*** Opening Given data ***

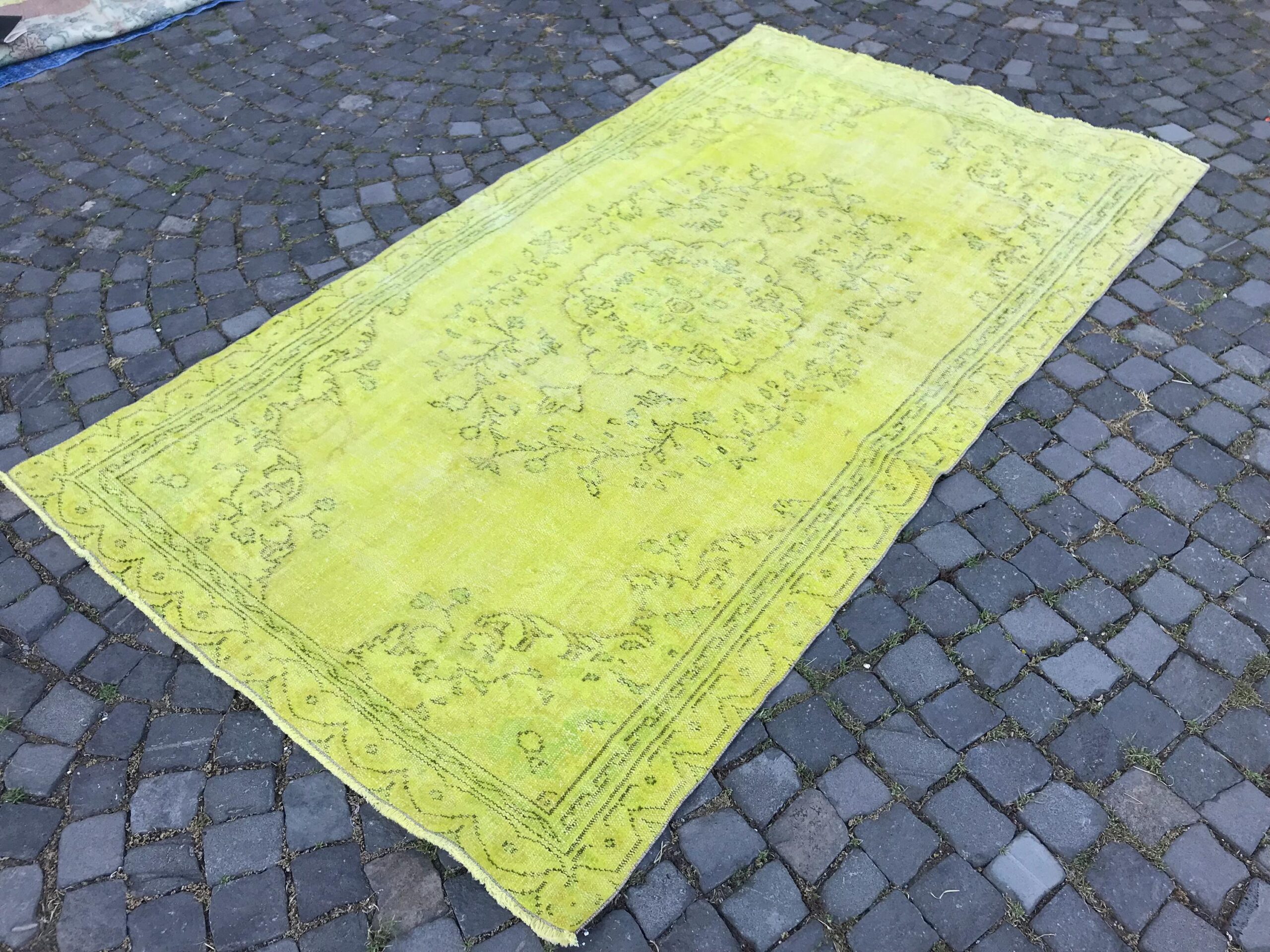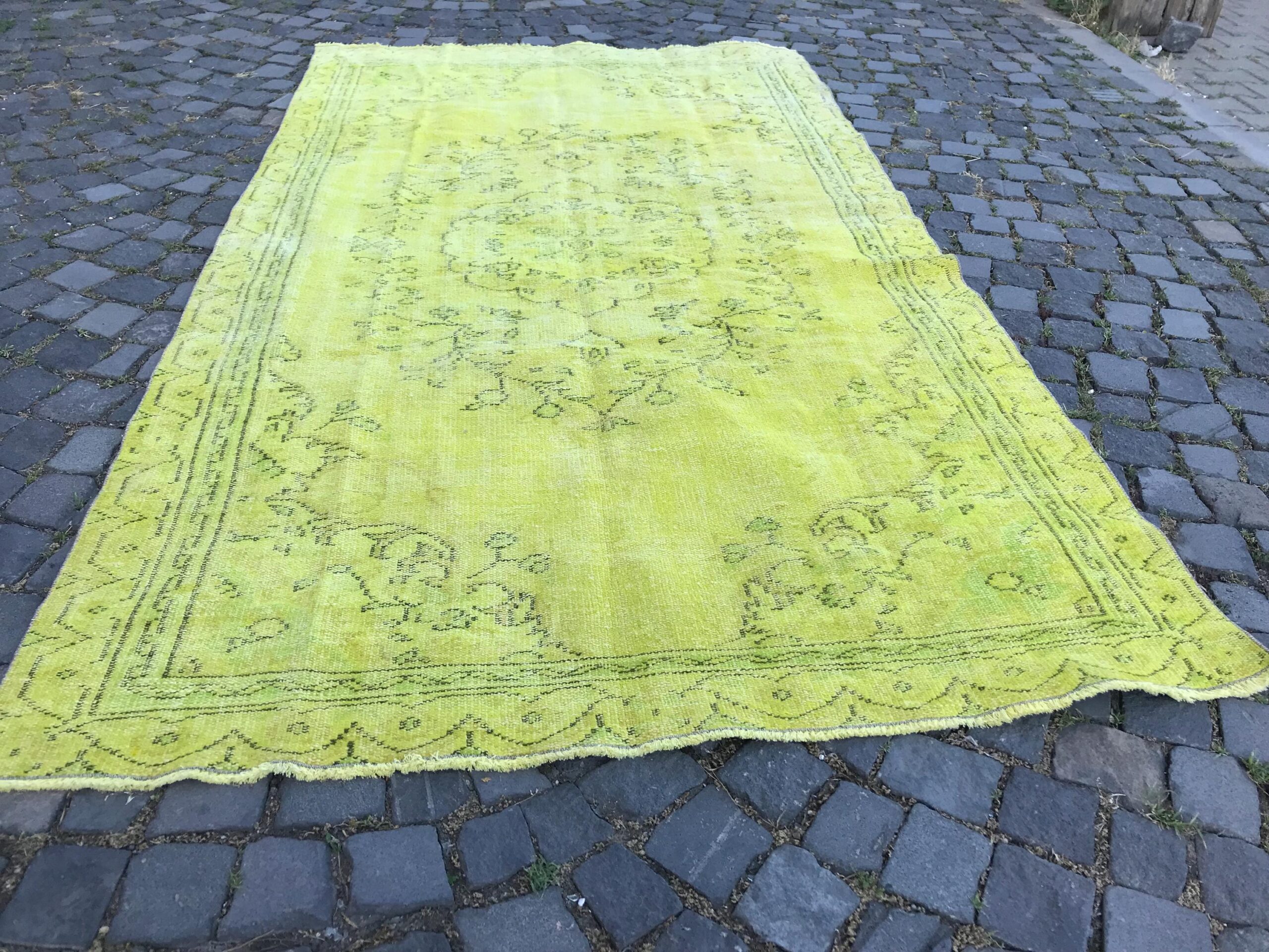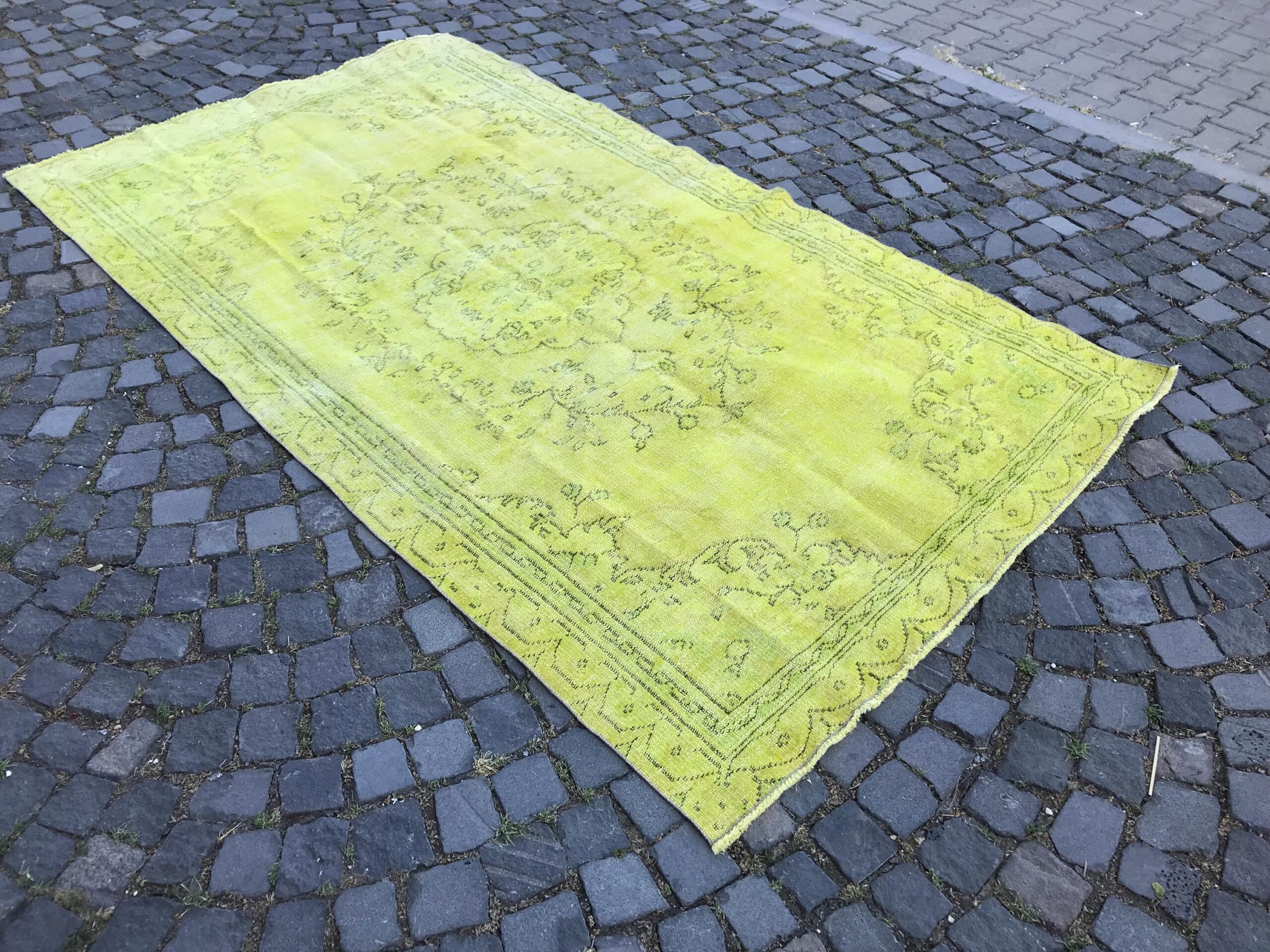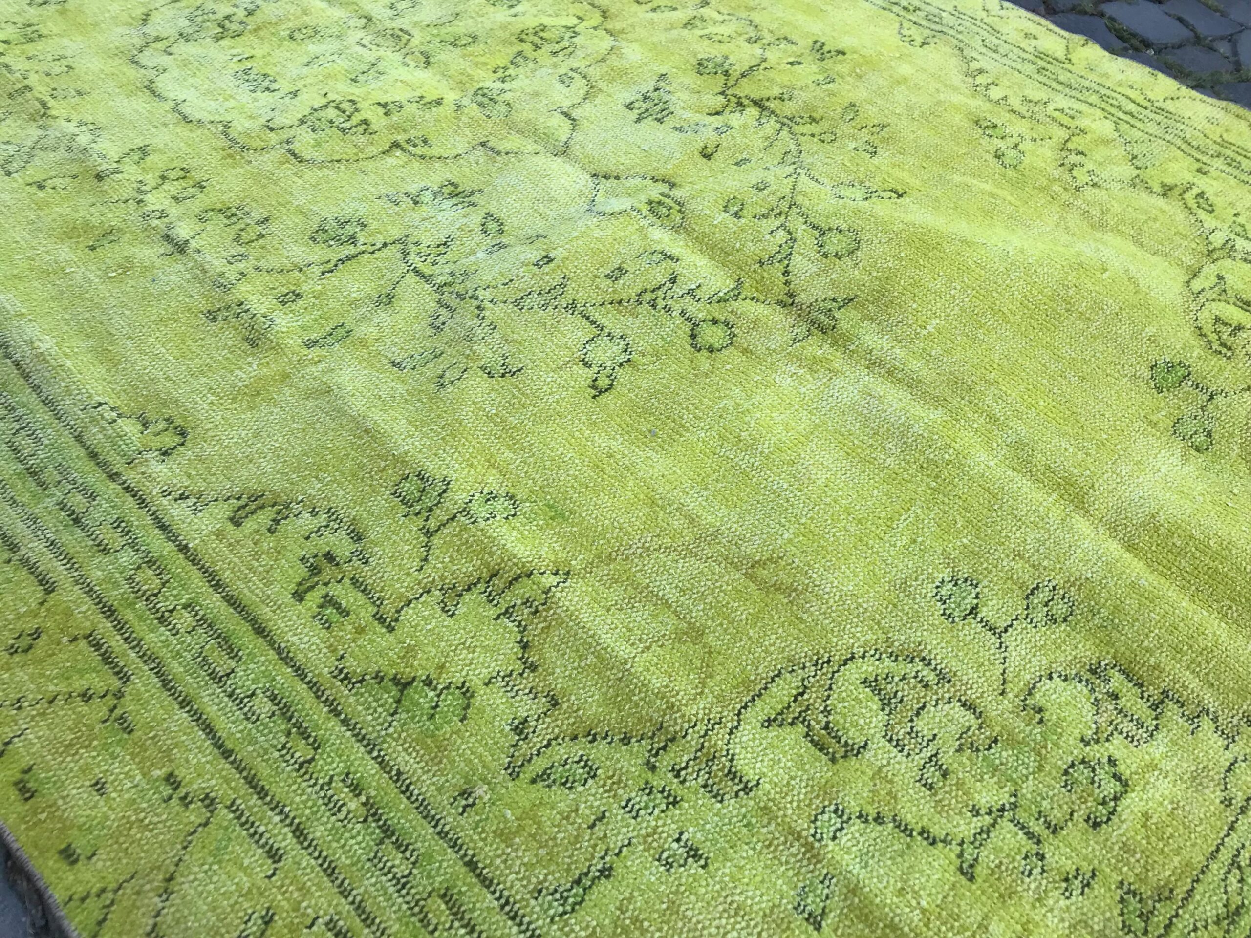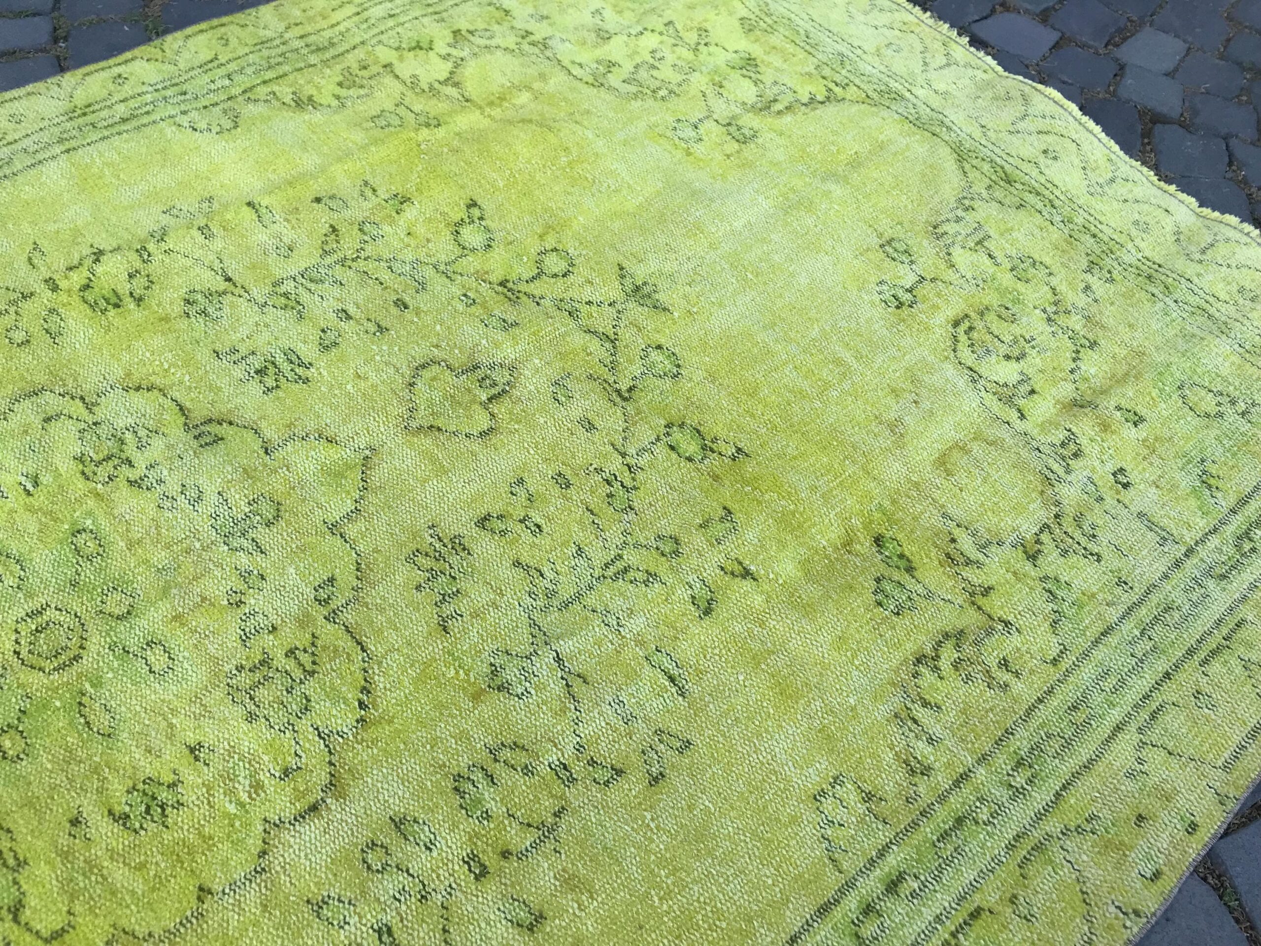 This is a vintage overdyed rug made through over-dyeing an authentic vintage Turkish rug using natural (vegetable) dyes. This rug originated in a small village in Turkey where it was hand-knotted from natural wool (sheep) by skilled Anatolian women during around the 1980s. Natural materials are more durable than synthetic materials guaranteeing a rug that can last for years while natural dyes provide colors that gets more beautiful as years pass by especially when in direct sunlight.
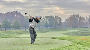 Golfer on a golf course in winter with fog and frost, on the starting tee. Golfer with golf club hitting the ball for the perfect shot. Le Robinie Golf Club
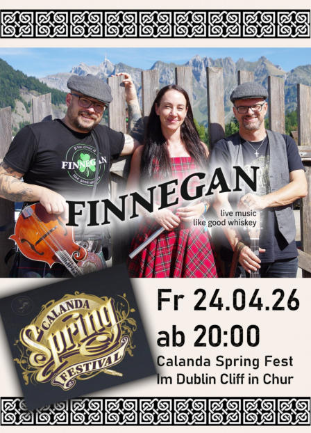 Komm mit uns nach Chur und erlebe Finnegan im Pub Dublin Cliff! Beste Stimmung und Musik vom Feinsten! Slainte!Samstag, 9. Mai 2026 ab 20:00
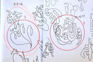 From the + 12 portion of this project, this ‘Doodle’, from 2012, was selected by good friend and fellow artist, Mattye. Mattye selected the ‘Doodle’ circled in red, #1. My first attempts at creating a design for the doodle proved problematic. I made several reasonable attempts and finally decided on one for a worksheet. I even started the painting but indecision persisted and I set it aside. A few months ago, I was working in my current sketchbook and doodled a design that intuitively directed me to add a modified version of Mattye’s selection, shown in Circle #2. This new take on her ‘doodle’ selection seemed to work where all other past attempts left me unsatisfied.
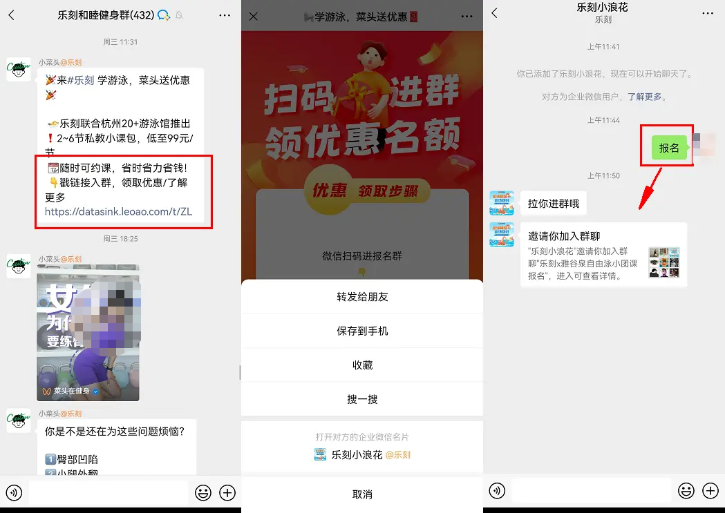 乐刻运动联合杭州游泳馆推出游泳课,群内会引导用户入群,添加企微后回复关键次报名,即可入群。
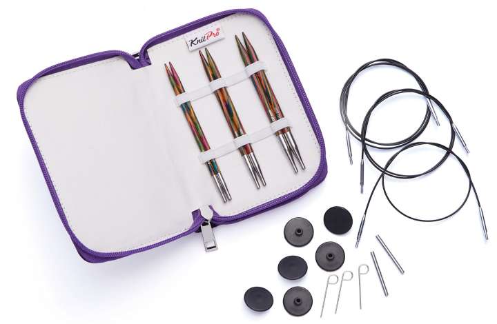 Knit Pro Kit d'aiguilles circulaires "symfonie". Contenu : respectivement une paire de pointes d'aiguilles dans les épaisseurs : 6, 7, 8 (longueur d'aiguille : 11,5 cm), respectivement 1 câble pour 60 cm, 80 cm et 100 cm (longueur = câble + pointes), un étui de rangement, 6 embouts, 3 clés de câble, 2 connecteurs et un mode d'emploi. Composition : bois de bouleau
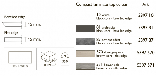 Прямоугольная столешница из компакт ламината для подстолья Metropolis с крестовиной 74 см. Толщина 12 мм - усиленная трубчатым стержнем.
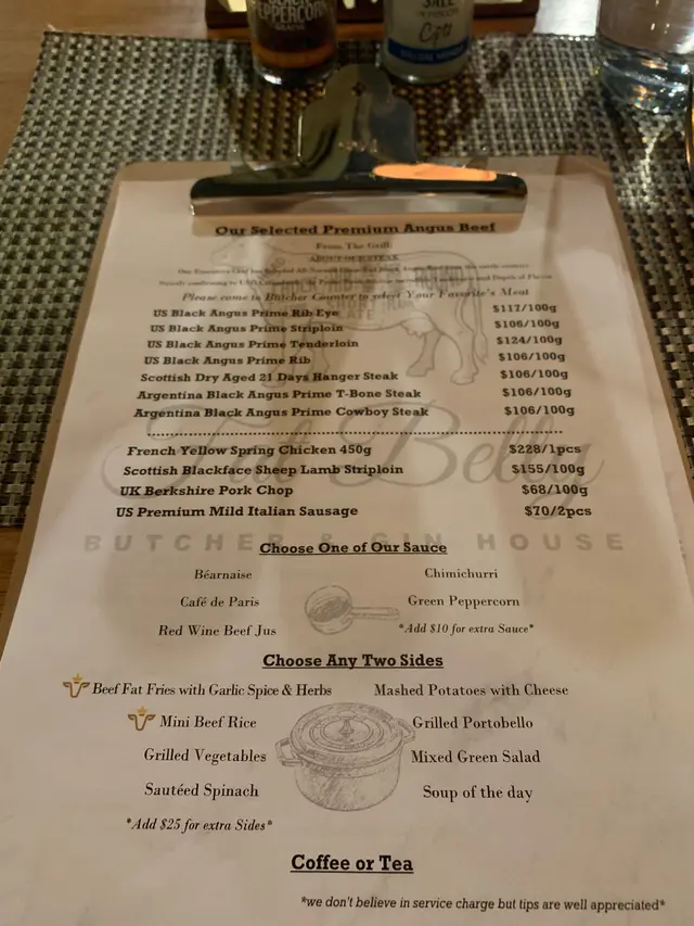 我地揀咗 US Black Angus Prime Rib eye、Argentina Black Angus Prime T-Bone Steak、UK Berkshire Pork Chop。全部都係我地親自選擇👍🏻👍🏻 叫主菜仲有兩個Side dish 送👍🏻👍🏻非常好~成班朋友每人都可以試到好多款唔到嘅嘢食!

*** Closing Given data ***

» **Exercise brief**
Give again, please, precisely the lines that begin the records and run through the line with "乐刻运动联合杭州游泳馆推出游" in it, keeping both end lines and dropping any pictures.

» **Response**
 This is a vintage overdyed rug made through over-dyeing an authentic vintage Turkish rug using natural (vegetable) dyes. This rug originated in a small village in Turkey where it was hand-knotted from natural wool (sheep) by skilled Anatolian women during around the 1980s. Natural materials are more durable than synthetic materials guaranteeing a rug that can last for years while natural dyes provide colors that gets more beautiful as years pass by especially when in direct sunlight.
 Golfer on a golf course in winter with fog and frost, on the starting tee. Golfer with golf club hitting the ball for the perfect shot. Le Robinie Golf Club
 Komm mit uns nach Chur und erlebe Finnegan im Pub Dublin Cliff! Beste Stimmung und Musik vom Feinsten! Slainte!Samstag, 9. Mai 2026 ab 20:00
 From the + 12 portion of this project, this ‘Doodle’, from 2012, was selected by good friend and fellow artist, Mattye. Mattye selected the ‘Doodle’ circled in red, #1. My first attempts at creating a design for the doodle proved problematic. I made several reasonable attempts and finally decided on one for a worksheet. I even started the painting but indecision persisted and I set it aside. A few months ago, I was working in my current sketchbook and doodled a design that intuitively directed me to add a modified version of Mattye’s selection, shown in Circle #2. This new take on her ‘doodle’ selection seemed to work where all other past attempts left me unsatisfied.
 乐刻运动联合杭州游泳馆推出游泳课,群内会引导用户入群,添加企微后回复关键次报名,即可入群。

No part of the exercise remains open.